SELECT count(id) FROM users WHERE enabled = true;
 count
-------
     4
(1 row)

This only shows the number of rows where the value of enabled is true though; if we want to know how many rows there are where enabled is false, we have to change our condition to WHERE enabled = false.

What if we want to show the counts for true and false at the same time? What we need is some way to split up the true and false rows into two separate groups and then count the rows in each group.

GROUP BY example

The GROUP BY clause allows us to do exactly that:

SELECT enabled, count(id) FROM users GROUP BY enabled;
 enabled | count
---------+-------
 f       |     1
 t       |     4
(2 rows)

Although we don't need to include enabled in our column list in order to use it in our GROUP BY clause, doing so makes our output more meaningful as we can clearly see the correlation between the count and the values in enabled.

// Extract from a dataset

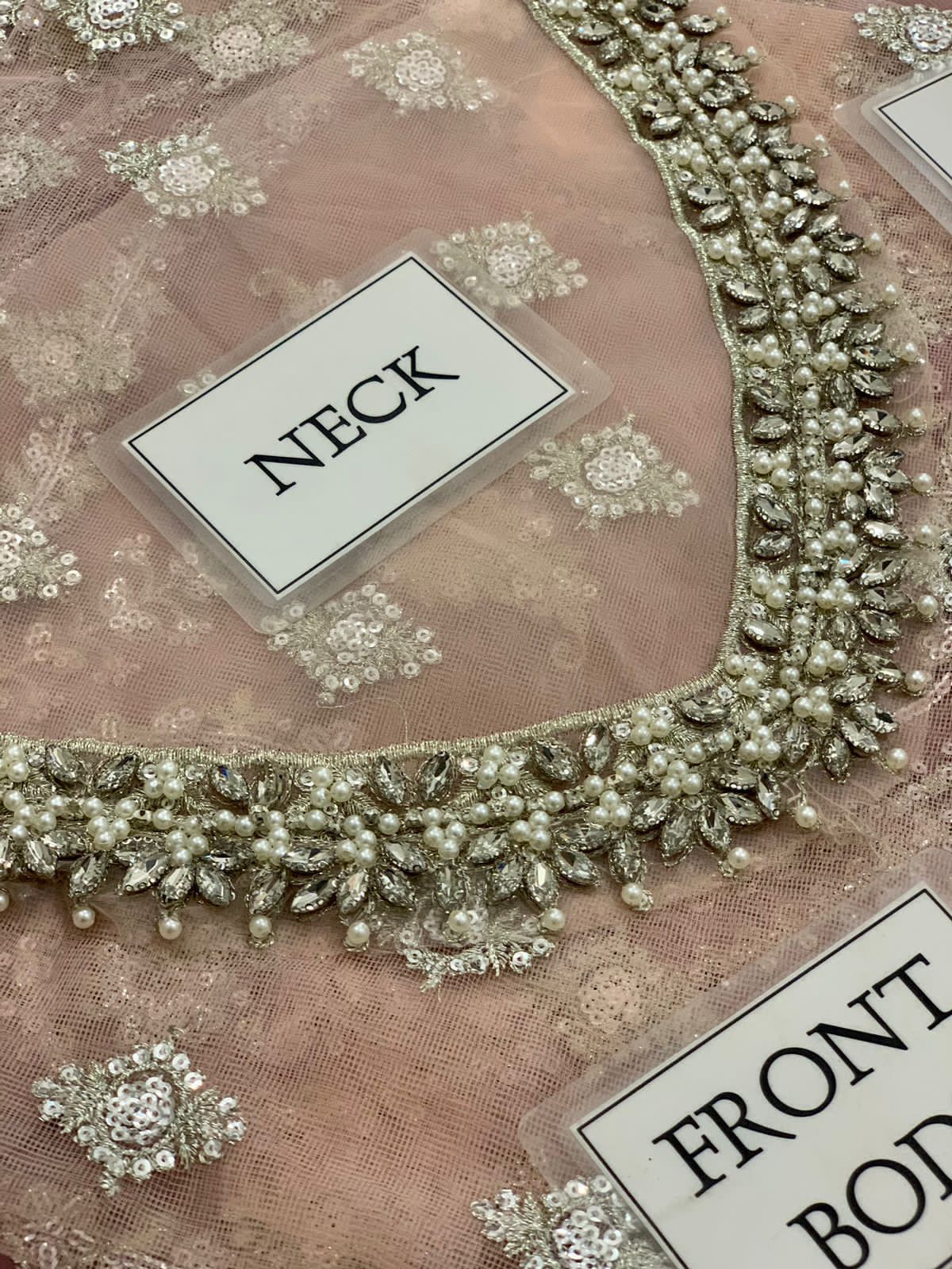 Front Body: Net fully heavy embroidered with spengle work & adda embellished necklace

One thing to be aware of when using aggregate functions, is that if you include columns in the column list alongside the function, then those columns must also be included in a GROUP BY clause. For example, the following statement returns an error:

SELECT enabled, full_name, count(id)
       FROM users
       GROUP BY enabled;   -- full_name is not grouped
ERROR:  column "users.full_name" must appear in the GROUP BY clause or be used in an aggregate function

The PostgreSQL documentation says:

When GROUP BY is present, or any aggregate functions are present, it is not valid for the SELECT list expressions to refer to ungrouped columns except within aggregate functions or when the ungrouped column is functionally dependent on the grouped columns, since there would otherwise be more than one possible value to return for an ungrouped column. A functional dependency exists if the grouped columns (or a subset thereof) are the primary key of the table containing the ungrouped column.

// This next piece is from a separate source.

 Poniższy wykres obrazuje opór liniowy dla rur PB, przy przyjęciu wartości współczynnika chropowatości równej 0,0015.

Of particular interest here is that all of the columns in the select list must either be included in the GROUP BY clause, be the result of an aggregate function, or the GROUP BY clause must be based on the primary key. This requirement ensures that there is a single value for every column in the result set. This rule can be a bit difficult to work with at first. However, practice using GROUP BY will gradually lead to a working understanding.

Ian Austin, a Launch School student, wrote an excellent article on the GROUP BY clause and aggregate functions. If you're having trouble understanding GROUP BY, be sure to read this article - it's worth your time.

Summary

In this chapter we've built on our knowledge of SELECT, and looked at a number of different ways we can make our SELECT queries more flexible and powerful:

  • Returning portions of a dataset using LIMIT and OFFSET
  • Returning unique values using DISTINCT
  • Using SQL functions to work with data in various ways
  • Aggregating data using GROUP BY

Thus far in this book we've looked at a lot of the things that you need to know in order to work with a single table in a database; from creating, altering, or even deleting the table itself, through to adding data and then querying that data in a number of different ways. There's one thing we haven't looked at yet, and that's changing data that already exists in your table.

In the next chapter we'll do exactly that by looking at the UPDATE and DELETE commands that will let us modify existing data in our table.